Provided records START

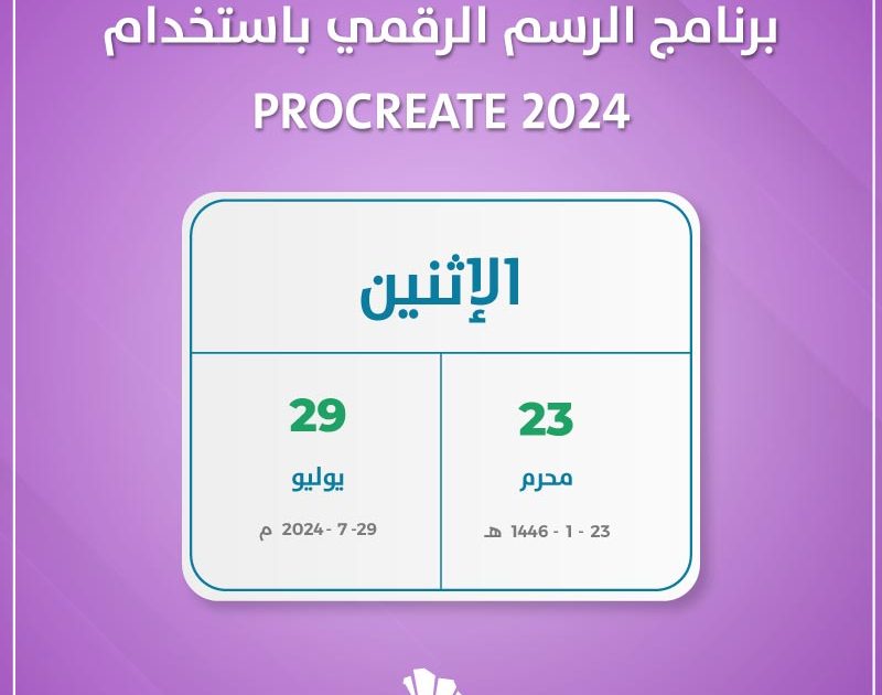 من ناحية أخرى، يشدد على المشاركات إحضار جهاز الآيباد وقلم إلكتروني مع تحميل وتنصيب برنامج PROCREATE قبل الحضور. الفعالية مجانية ومخصصة للسيدات. مما يوفر فرصة رائعة للمهتمات بتعلم أساسيات الرسم الرقمي واكتساب مهارات جديدة في هذا المجال المتطور.
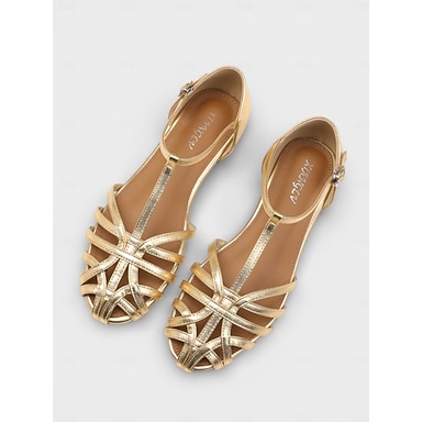 Sandálias femininas douradas com tiras metálicas - elegantes sapatos rasos de tiras para noites em resorts, sandálias confortáveis de verão com tira em T para jantares de férias. &roupa de cruzeiro
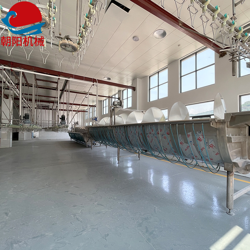 →割爪→轉(zhuǎn)掛→開(kāi)膛→掏內(nèi)臟→割頭→胴體清洗→預(yù)冷→胴體瀝干
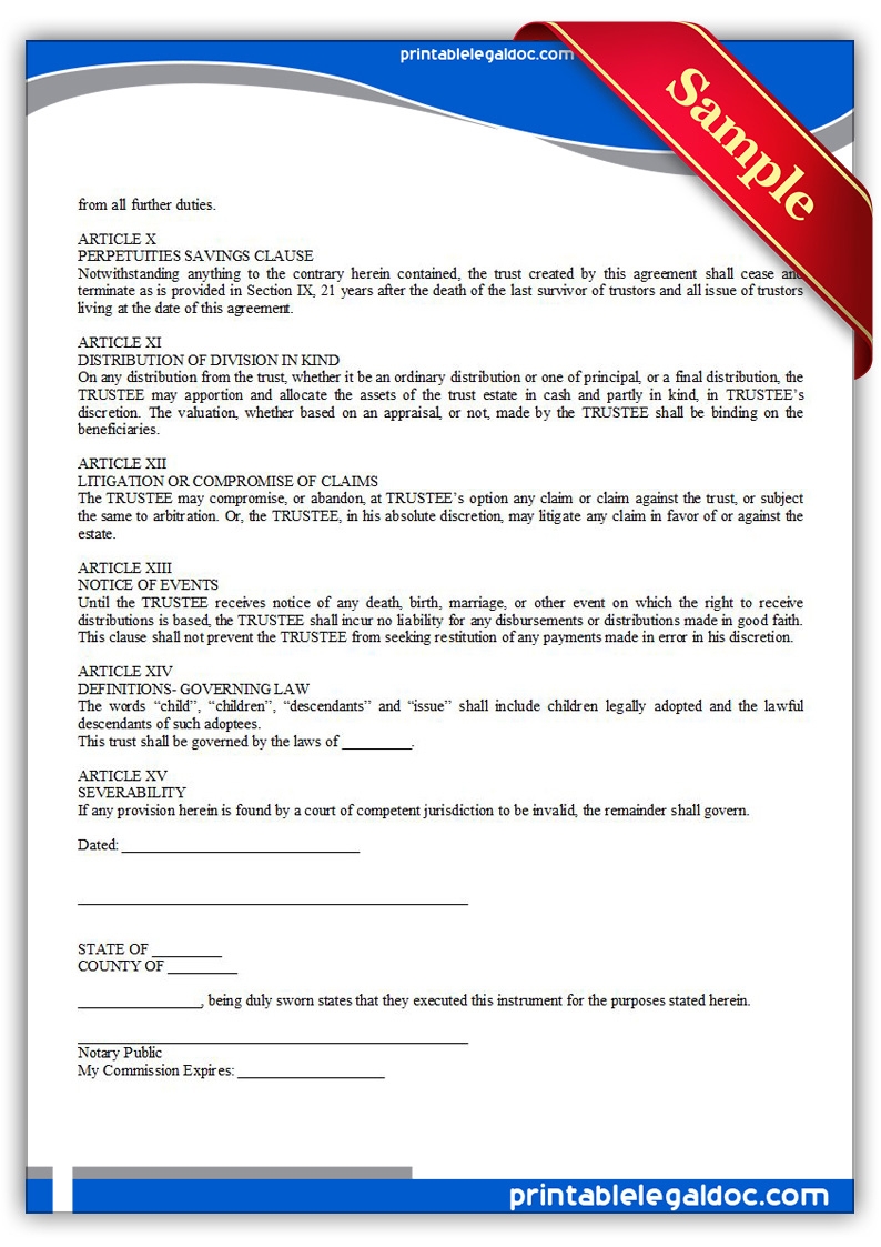 Free Printable Trust Forms
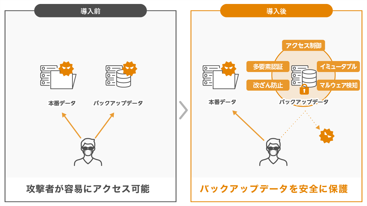 バックアップソリューションは、定期的なデータコピーと、バックアップデータの整合性チェック・不審な変更の検知機能を統合しています。これにより、システム障害やサイバー攻撃発生時にも迅速なデータ復旧が可能となり、業務継続性を確実にサポートします。
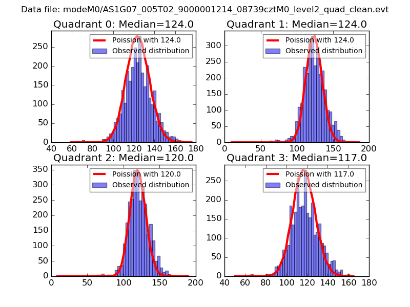 Red curve is a Poisson curve with rate = median count rate of data. |
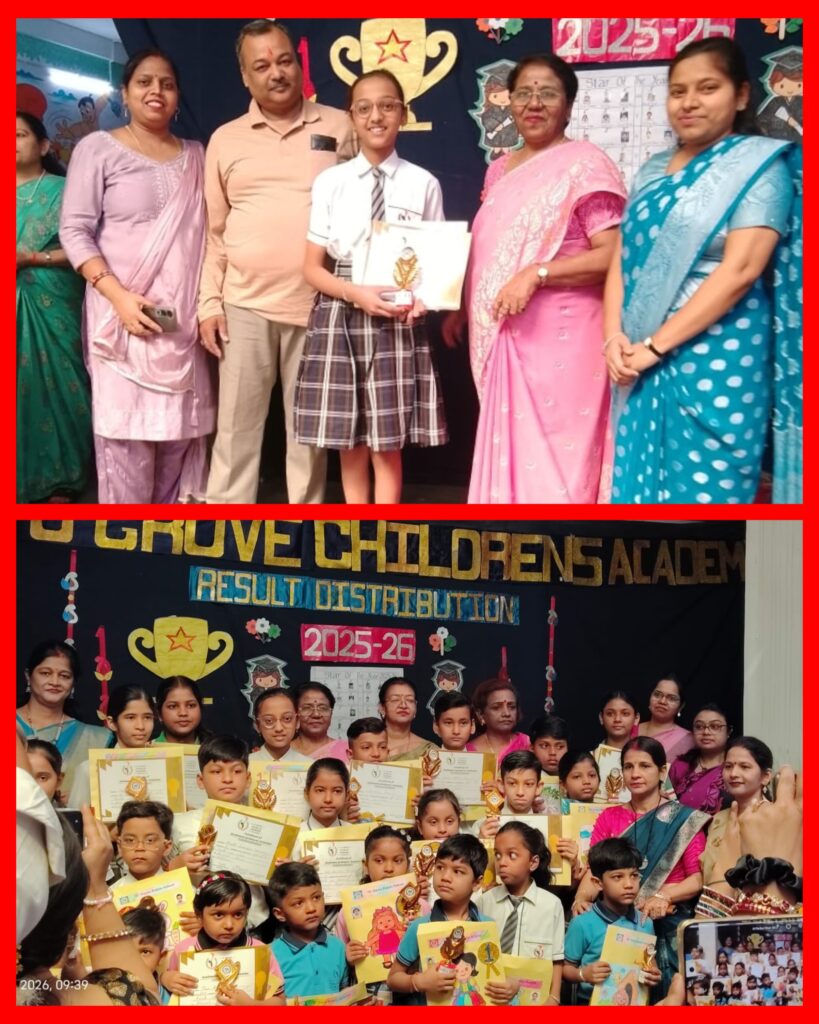वाराणसी। दिनांक 30 मार्च 2026, सोमवार को विनायका स्थित ओ ग्रोव चिल्ड्रेन अकादमी में सत्र 2025-26 के परिणाम वितरण समारोह का आयोजन उत्साह एवं गरिमामय वातावरण में सम्पन्न हुआ। इस अवसर पर कक्षा 6 की छात्रा वृद्धि श्रीवास्तव ने 95.6% अंक प्राप्त कर प्रथम स्थान प्राप्त किया। वहीं रिया मिश्रा ने 89.0% अंकों के साथ द्वितीय स्थान तथा आलिया बतूल ने 86.0% अंक प्राप्त कर तृतीय स्थान हासिल किया।
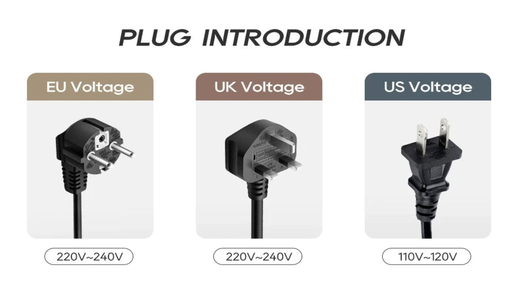 Plug type: FREE US/EU/UK/AU plug adapter included
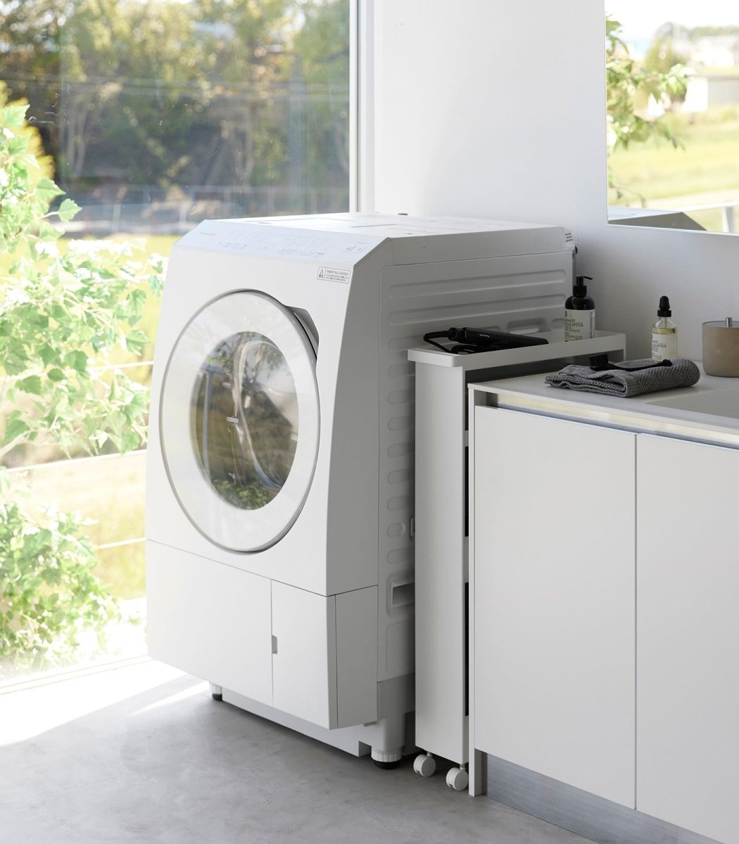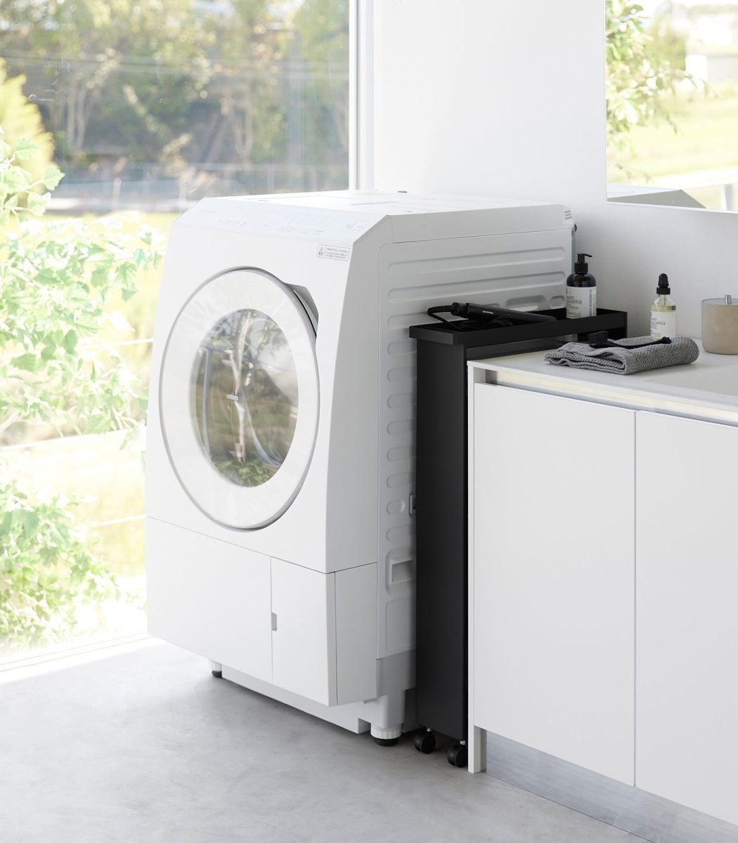 This slim steel rolling storage cart transforms narrow, unused spaces into functional storage areas. At just 5.12 inches wide, it fits between appliances, in bathroom gaps, or alongside furniture while providing four tiers of organized storage.
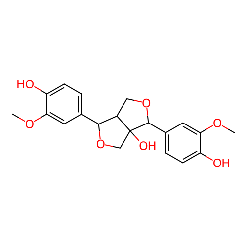 InChI=1S/C20H22O7/c1-24-16-7-11(3-5-14(16)21)18-13-9-26-19(20(13,23)10-27-18)12-4-6-15(22)17(8-12)25-2/h3-8,13,18-19,21-23H,9-10H2,1-2H3/t13-,18-,19+,20-/m1/s1 |
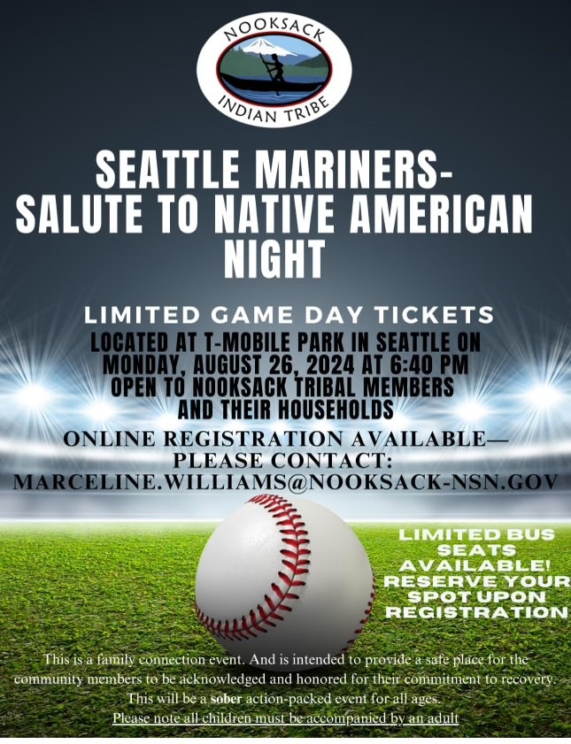Salute to Native American Night is Monday, August 26th at 6:40pm. Limited tickets are now available to Nooksack Tribal Members and their households. Game admission tickets are digital only and require an email to transfer. $10 food cards are available for pick up at the Chemical Dependency Office. If transportation is needed, you must note that at the link. Limited bus seats available.
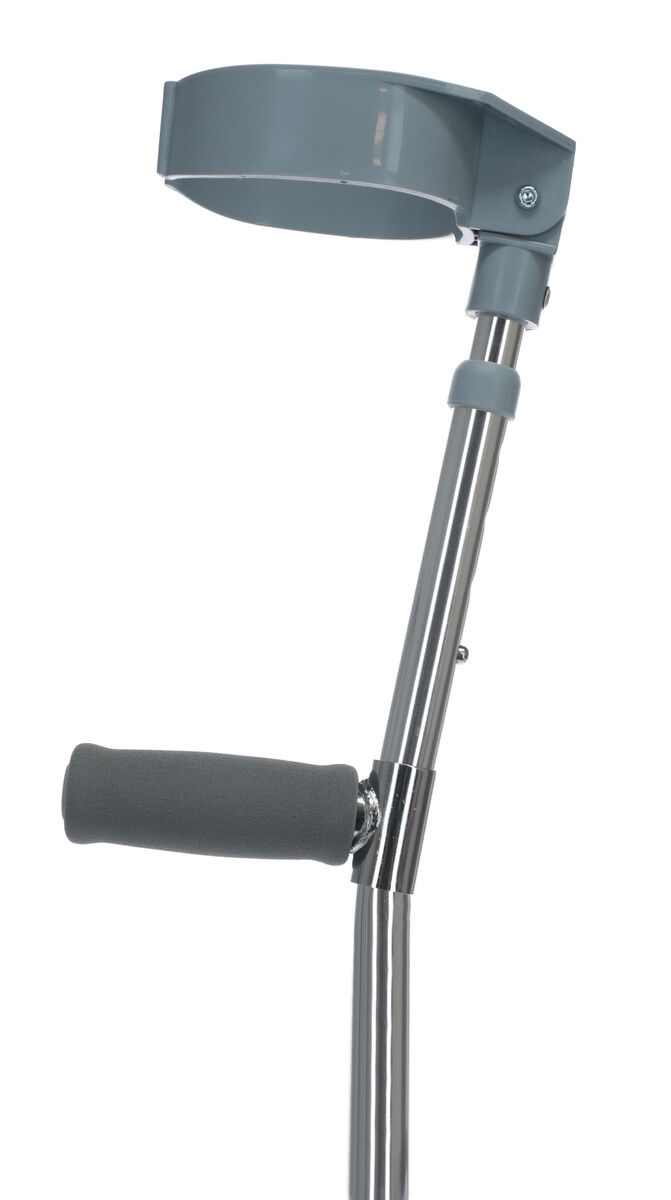 A könnyű és robusztus könyök eloxált alumíniumból készült, zárt kargyűrűvel. A mankó magassága két helyen állítható. A mankó a fogantyúnak köszönhetően megfelelő gyógyászati segédeszköz, különösen azok számára, akiknek problémát jelent a bot földről való felvétele.

Provided records END

**What needs to be done:** The reply should consist only of the lines from the top of the material above through the line with "Plug type: FREE", printed exactly, pictures omitted.

**Exercise output:**
 من ناحية أخرى، يشدد على المشاركات إحضار جهاز الآيباد وقلم إلكتروني مع تحميل وتنصيب برنامج PROCREATE قبل الحضور. الفعالية مجانية ومخصصة للسيدات. مما يوفر فرصة رائعة للمهتمات بتعلم أساسيات الرسم الرقمي واكتساب مهارات جديدة في هذا المجال المتطور.
 Sandálias femininas douradas com tiras metálicas - elegantes sapatos rasos de tiras para noites em resorts, sandálias confortáveis de verão com tira em T para jantares de férias. &roupa de cruzeiro
 →割爪→轉(zhuǎn)掛→開(kāi)膛→掏內(nèi)臟→割頭→胴體清洗→預(yù)冷→胴體瀝干
 Free Printable Trust Forms
 バックアップソリューションは、定期的なデータコピーと、バックアップデータの整合性チェック・不審な変更の検知機能を統合しています。これにより、システム障害やサイバー攻撃発生時にも迅速なデータ復旧が可能となり、業務継続性を確実にサポートします。
 Red curve is a Poisson curve with rate = median count rate of data. |
वाराणसी। दिनांक 30 मार्च 2026, सोमवार को विनायका स्थित ओ ग्रोव चिल्ड्रेन अकादमी में सत्र 2025-26 के परिणाम वितरण समारोह का आयोजन उत्साह एवं गरिमामय वातावरण में सम्पन्न हुआ। इस अवसर पर कक्षा 6 की छात्रा वृद्धि श्रीवास्तव ने 95.6% अंक प्राप्त कर प्रथम स्थान प्राप्त किया। वहीं रिया मिश्रा ने 89.0% अंकों के साथ द्वितीय स्थान तथा आलिया बतूल ने 86.0% अंक प्राप्त कर तृतीय स्थान हासिल किया।
 Plug type: FREE US/EU/UK/AU plug adapter included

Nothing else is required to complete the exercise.